• _Collected data entries_
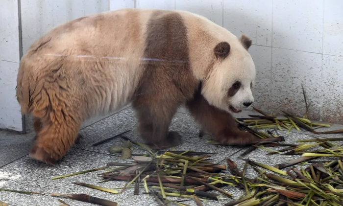 在这里记者还见到了世界唯一的棕色大熊猫“七仔”,它当时正趴在地上小憩。远看它背部的棕色皮毛,如同一件棕色的马甲套在身上很是别致。工作人员说,这几只大熊猫适应得最快,它们现在每天都吃饲料,包括新鲜的竹笋、竹子和水果,都是从秦岭里现运过来的,因为天气较热,大熊猫午后就不愿意活动,大都会找一个舒适环境休息。后续大熊猫的阵容会逐渐扩大,开园后,园区内将会有10到15只大熊猫与公众见面。
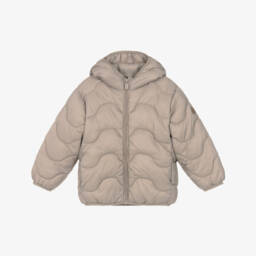 This beige hooded jacket for little girls by Mayoral, offers warmth and style for the cooler months. Quilted in an eye-catching wave design, it is softly padded and lined for comfort. The full-length zip fastening and elasticated trims help keep the warmth in, and there are concealed pockets on the front seams.
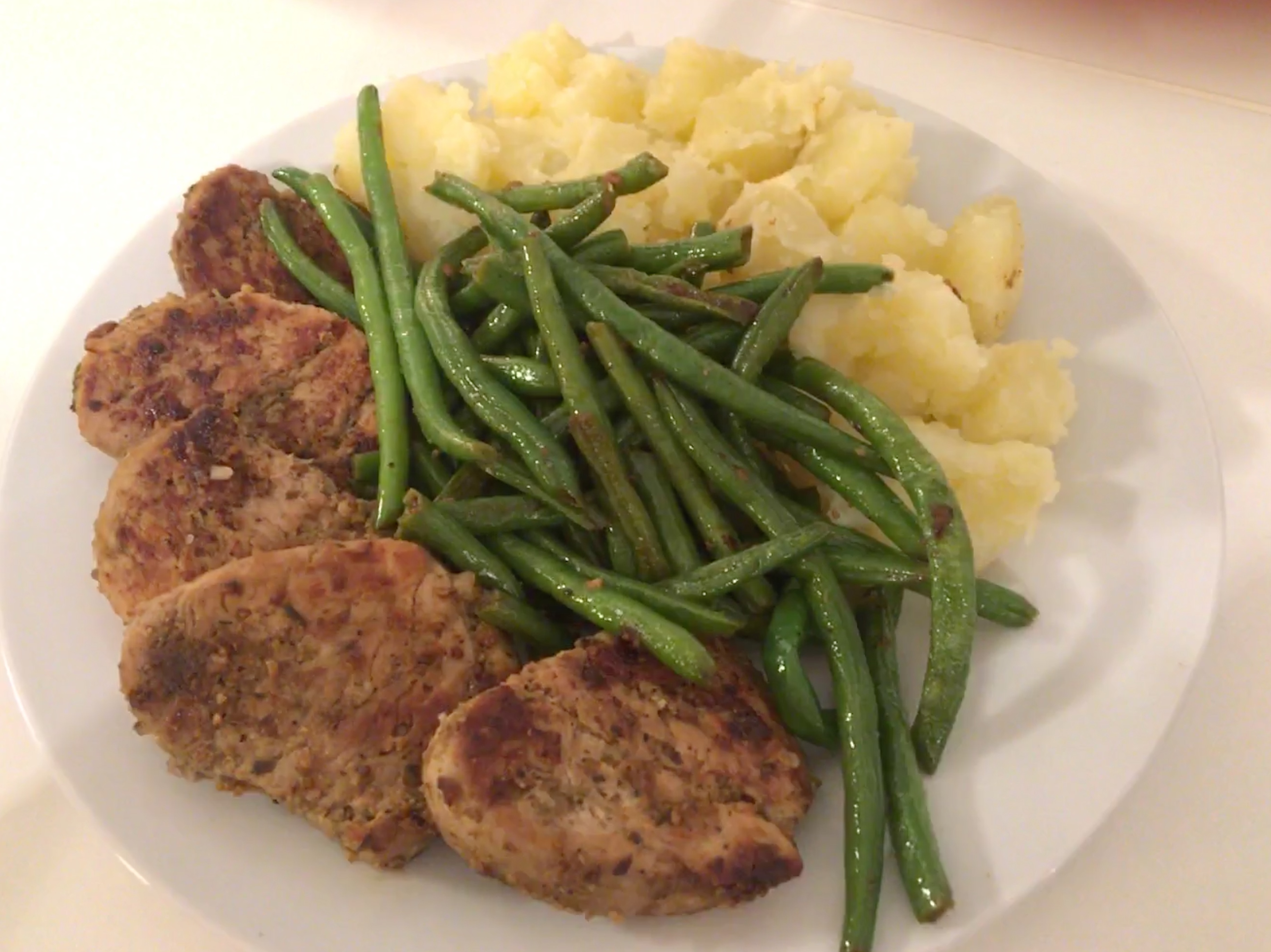 This one is always tasty and simple in case you are running late from work - yellow peas soup with frankfurter flavoured with bacon skin and marinated garlic pork slices with green beans and buttered potatoes.
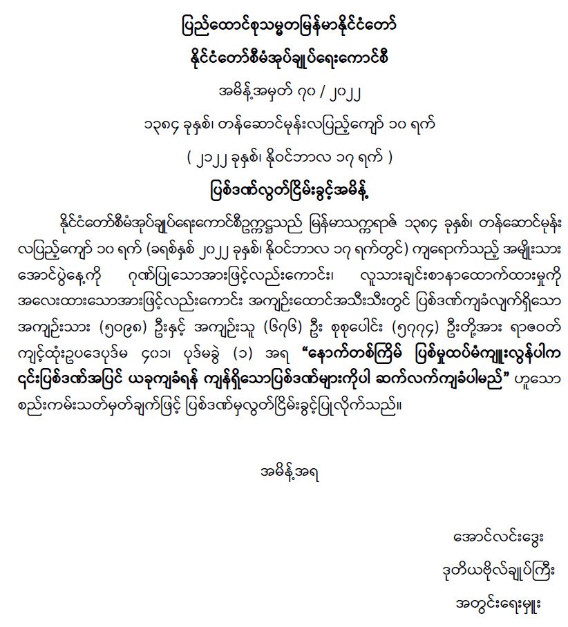 ဝန်ကြီးဌာန ကြေညာချက်များ
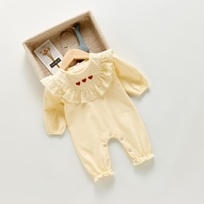 女宝宝衣服春秋款连体哈衣婴儿洋气长袖花边领爬服新生...
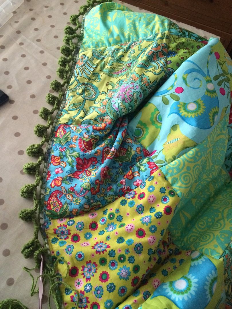 This is the basic quilt finished, and its optional if you want to start adding the crochet pom pom edgingPom Pom Edging
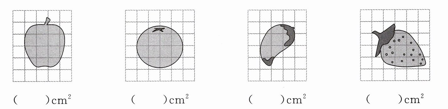 二、估一估下面图形的面积。(每个方格为$1cm^2)$
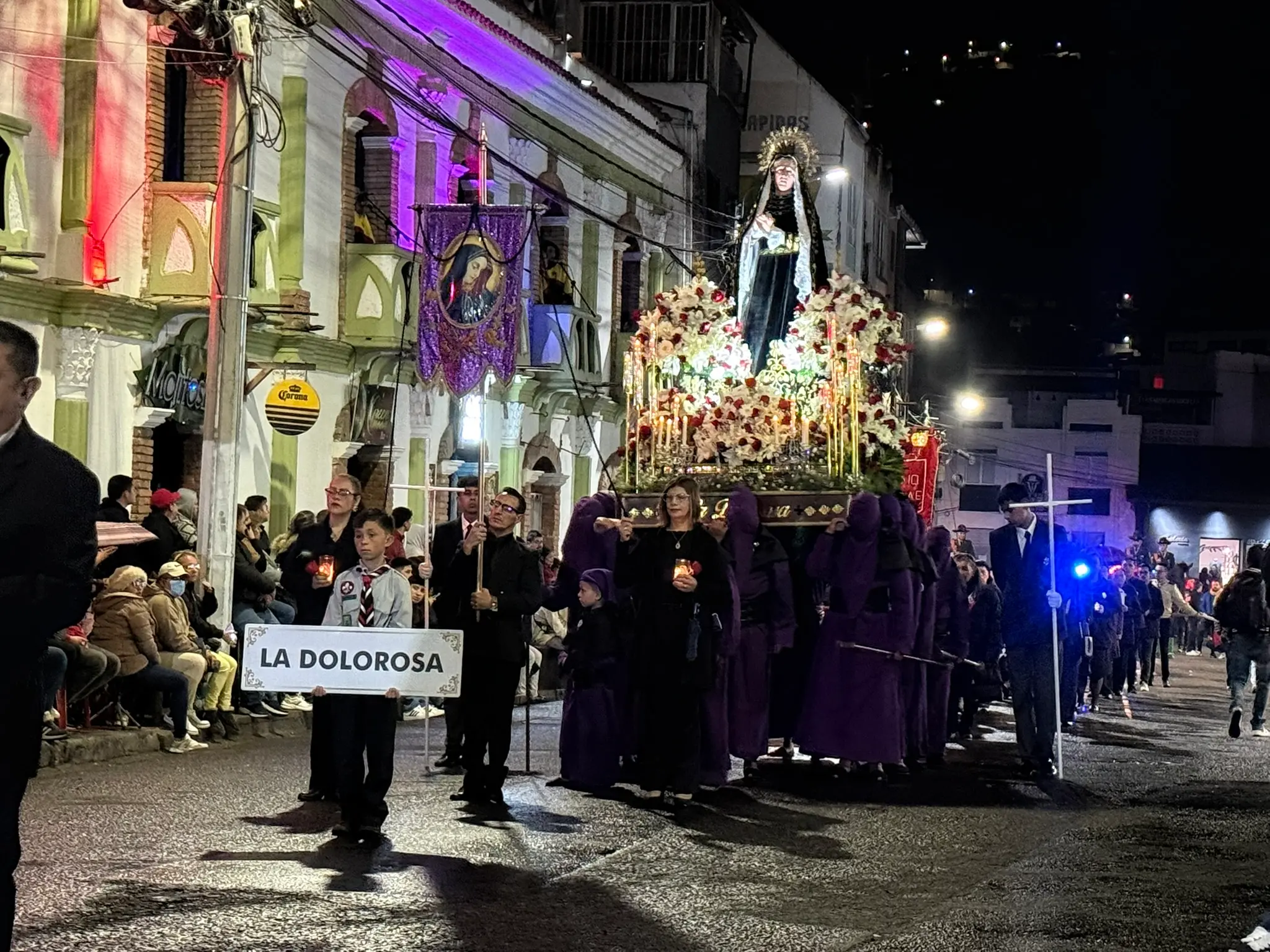 Al caer la noche, las calles se iluminan con velas y faroles. El sonido de la música sacra acompaña el caminar solemne de los participantes mientras las imágenes religiosas —muchas de ellas con décadas de antigüedad— recorren el centro histórico.
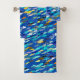 Toalla colocada en una escuela de pescado en un océano azul profundo, en tonos azules, turquesa, dorado y blanco
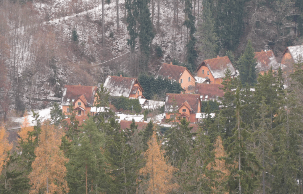 這片橙色屋頂與綠色山巒交織的美景
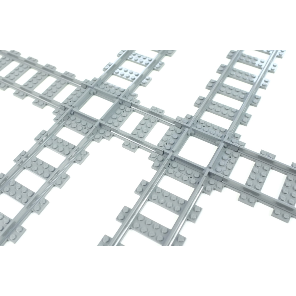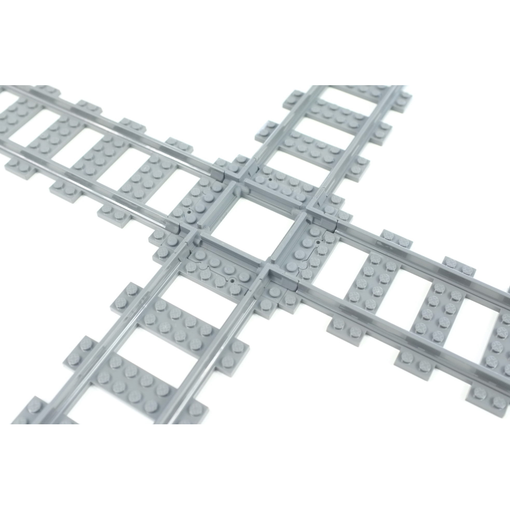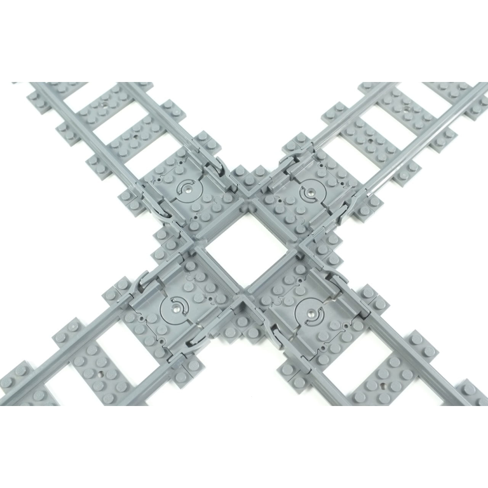 Deze kortere versie van de normale 90 graden kruising kan erg handig zijn in situaties met beperkte ruimte of bij het bouwen van complexe layouts. De lengte van de rechte rails is een Halve rechte rails (8 studs) .
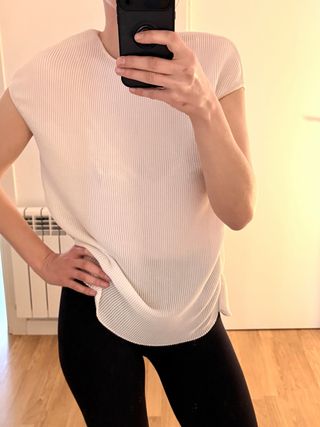 Blusa de COS con un diseño texturizado y fruncido. - Tejido con relieve vertical. - Corte holgado. - Manga corta. - Cuello redondo. Preciosa blusa blanca del tejido de textura fruncido. El cuello, las mangas tienen una goma de color crema. Nunca ha sido usada. Talla M
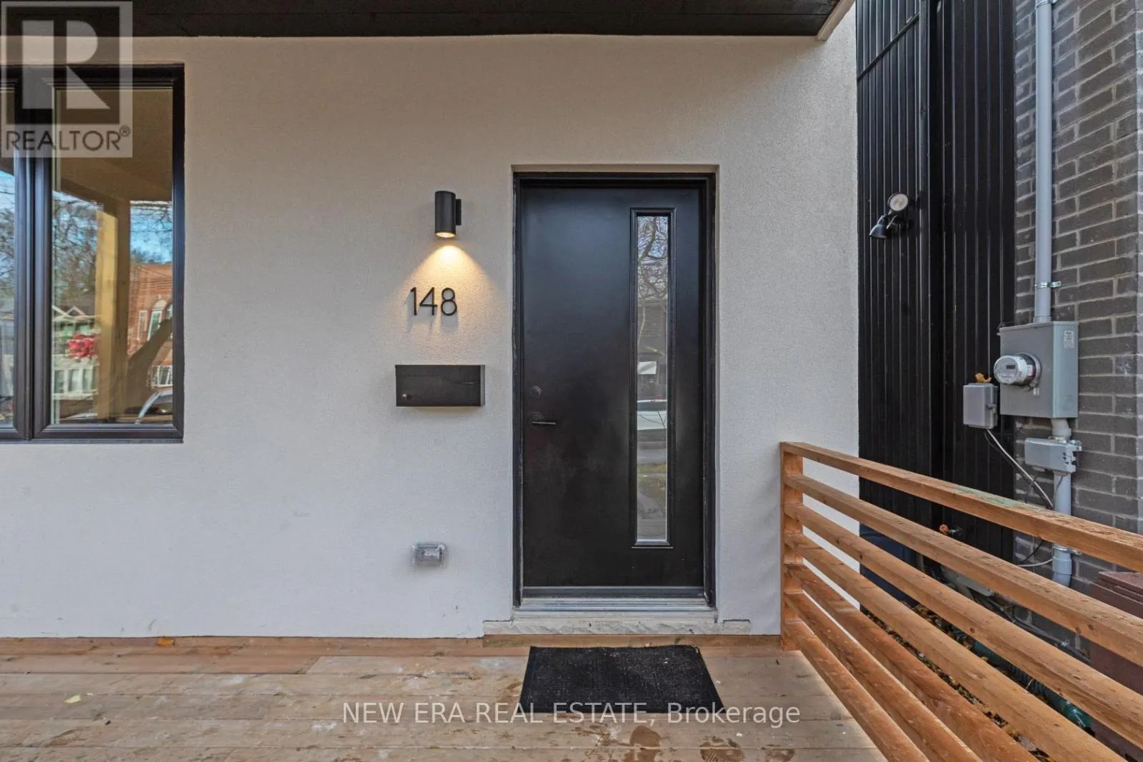 Rhodes/Dundas Welcome to a Fully Renovated Leslieville Gem! Offering a total of ~2,460 sq ft of living space including the finished basement, this beautifully updated 3+1 bedroom detached home provides spacious, modern, and comfortable living in one of Toronto's most desirable neighbourhoods. Featuring 9 ft ceilings, the home offers bright principal rooms, quality finishes, and a versatile sitting room that can also serve as an additional bedroom. The renovated basement with a separate entrance is perfect for in-laws, guests, or rental potential. You'll also enjoy ample storage throughout, with all permits fully closed and available for review for complete peace of mind. The charming screened porch offers bonus living space and can be converted into a heated four-season room or kept as-is. Situated on a 25 x 110 ft lot with 2 private parking spots at the rear, this home places you in the heart of Leslieville-steps to cafés, boutique shops, parks, transit, and top-rated schools including George Ãtienne Cartier French School, Roden Alternative Public School, and Monarch Park CI. Minutes to downtown and major expressways. (id:27476)

• _Brief_
Copy the records above exactly, from the first line through the line containing "二、估一估下面图形的面积。(每个方格为$1cm^2)$", and leave out the pictures.

• _Answer_
 在这里记者还见到了世界唯一的棕色大熊猫“七仔”,它当时正趴在地上小憩。远看它背部的棕色皮毛,如同一件棕色的马甲套在身上很是别致。工作人员说,这几只大熊猫适应得最快,它们现在每天都吃饲料,包括新鲜的竹笋、竹子和水果,都是从秦岭里现运过来的,因为天气较热,大熊猫午后就不愿意活动,大都会找一个舒适环境休息。后续大熊猫的阵容会逐渐扩大,开园后,园区内将会有10到15只大熊猫与公众见面。
 This beige hooded jacket for little girls by Mayoral, offers warmth and style for the cooler months. Quilted in an eye-catching wave design, it is softly padded and lined for comfort. The full-length zip fastening and elasticated trims help keep the warmth in, and there are concealed pockets on the front seams.
 This one is always tasty and simple in case you are running late from work - yellow peas soup with frankfurter flavoured with bacon skin and marinated garlic pork slices with green beans and buttered potatoes.
 ဝန်ကြီးဌာန ကြေညာချက်များ
 女宝宝衣服春秋款连体哈衣婴儿洋气长袖花边领爬服新生...
 This is the basic quilt finished, and its optional if you want to start adding the crochet pom pom edgingPom Pom Edging
 二、估一估下面图形的面积。(每个方格为$1cm^2)$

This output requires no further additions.